First Musing: On A Classic Work of Literature
Written a few years back, I admit. I had just reading "Wuthering Heights".
I ought to explain, it was April when I wrote it.
I am giving advance warning, and an advance apology, for what I am about
to say, because I know it's going to be unpopular in many quarters, and
I know that some of those same quarters may be my dearest friends. All I
can plead in mitigation is that we are all grown up people here, and I
believe that we are not afraid of voicing opinions with which others may
disagree, and we all believe that others have the right to voice
different ones. And so on.
I have to say to my shame, that this is the first time I have read it
all the way through, having made an abortive beginning at the age of
eight when it was my mother's night school English text, and getting the
Cathys and Lintons totally mixed up. So, when a copy came into my hands
for 50p, I thought, "Now, Mim, this is your chance, are you going to let
one of the acknowledged diamonds of English literature pass you by?" and
I thought, "Of course not!" The lady in Poor Richard's Books, our local
second-hand book emporium, told me it was her favourite book. I knew
that the late Heath Ledger was apparently named for the chief character.
The paperback fitted neatly into my work handbag for reading on the
train. All the omens were, therefore, good.
Now I have given up negativity for Lent, as some of you know, and am
therefore embracing positivity, and therefore, the use of some words or
phrases must not pass either my tongue or my keyboard during this holy
season.
Words, for example, like "Horseshit".
Which is probably just as well.
In its defence, it is a great page-turner, and once you have started,
you feel you have to see the thing through to the end. The descriptions
of the countryside and the Yorkshire moors are absolutely mouthwatering.
But the characters! Oh my sacred aunt. There isn't one of them that you
wouldn't happily employ as a moving target in the World All-Comers
Backside-Kicking Championships. Catherine Earnshaw has to be one of the
most irritating little divas in literature, surely, a young woman who
basically dies to spite everybody. Her deathbed scene, by the way, is
hilarious - she staggers around sinking into things and raising herself
weakly up, and pulling Heathcliff's hair and telling him he has murdered
her, and generally behaving swooningly, and then almost as an
afterthought, giving birth to the second Catherine. (That's Catherine
Linton, afterwards Catherine Heathcliff, afterwards Catherine Earnshaw,
not to be confused with her mother, the said diva, Catherine Earnshaw,
afterwards Catherine Linton, and at no point Catherine Heathcliff. Keep
up at the back, there.) I will also say, however, for Emily Bronte's
characterisation that she is really good on teenagers and very honest
about what little s-h-one-ts they can be. When you remember for example
that the "elder" Catherine is nineteen when she dies, a lot of her
behaviour, unfortunately, makes sense. And yes, I do remember myself at
that age. That's what I mean.
But the worst disappointment must surely be the portrayal of Heathcliff
himself. I believe there are otherwise sensible women who would happily
throw their underwear at him were he to appear before them. I think the
lady in Poor Richard's Books may have been one of them. If this is so,
it is really worrying, because he is portrayed as unremittingly bad
almost from the first, when the nice but hopelessly naive Mr Earnshaw
discovers him as a child in a Liverpool slum. Abuse at the hands of Mr
Earnshaw's son obviously doesn't help, as he then spends the rest of his
life exacting diabolical revenge on everybody for everything. Except,
actually, that he doesn't murder Number One Catherine - she is
exaggerating, as usual. It's about the one crime he doesn't commit. (He
does just about everything else, including a spot of quite lovingly
described necrophilia. He probably would have ridden a bike without
lights if bikes had been invented at that point.) In short, he is a man
who should just have gone around with "I am the Devil Incarnate"

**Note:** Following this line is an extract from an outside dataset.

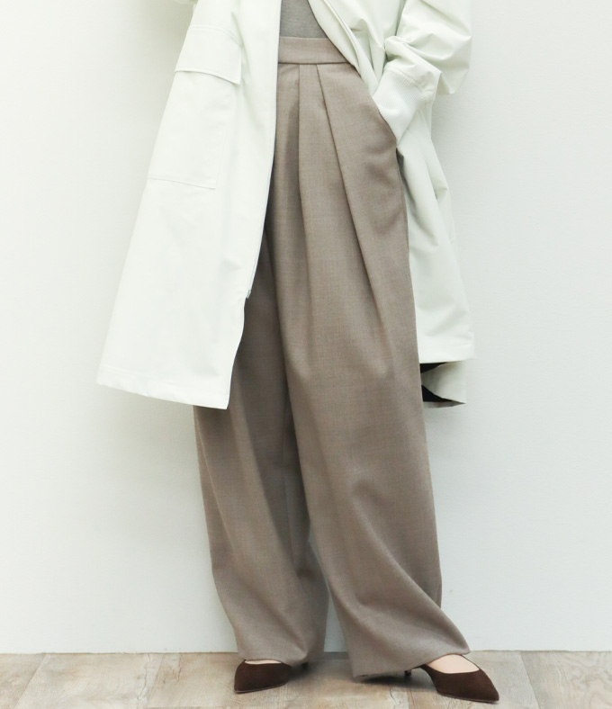 SACRA サクラ パンツ ワイド ウール サージ 2プリーツ 尾錠付き テーパード H.COUNT WORSTED SERGE PANTS 125515112 CHARCOAL/チャコール

tattooed on his forehead, thus sparing everyone the bother. Completely
charmless and actually, two-dimensional. You feel that a puff of green
smoke should appear every time he has a scene. A pantomime villain, but
without the laughs.
Oh, and there is a religious maniac who wouldn't be too out of place in
"Cold Comfort Farm" - parts of which, I guess, are "Wuthering Heights"
played for laughs - and which is definitely up there among my favourite
books. A young woman's book, too, like "Wuthering Heights". Maybe that
says more about me than about either book.
I dunno, I just dunno. A rough diamond of a book, I think. A stained
brocade. A flawed masterpiece. Who knows, if Emily had lived, what else,
etc, etc.
Or, possibly, horseshit.
Can't get that ruddy Kate Bush song out of my head, though.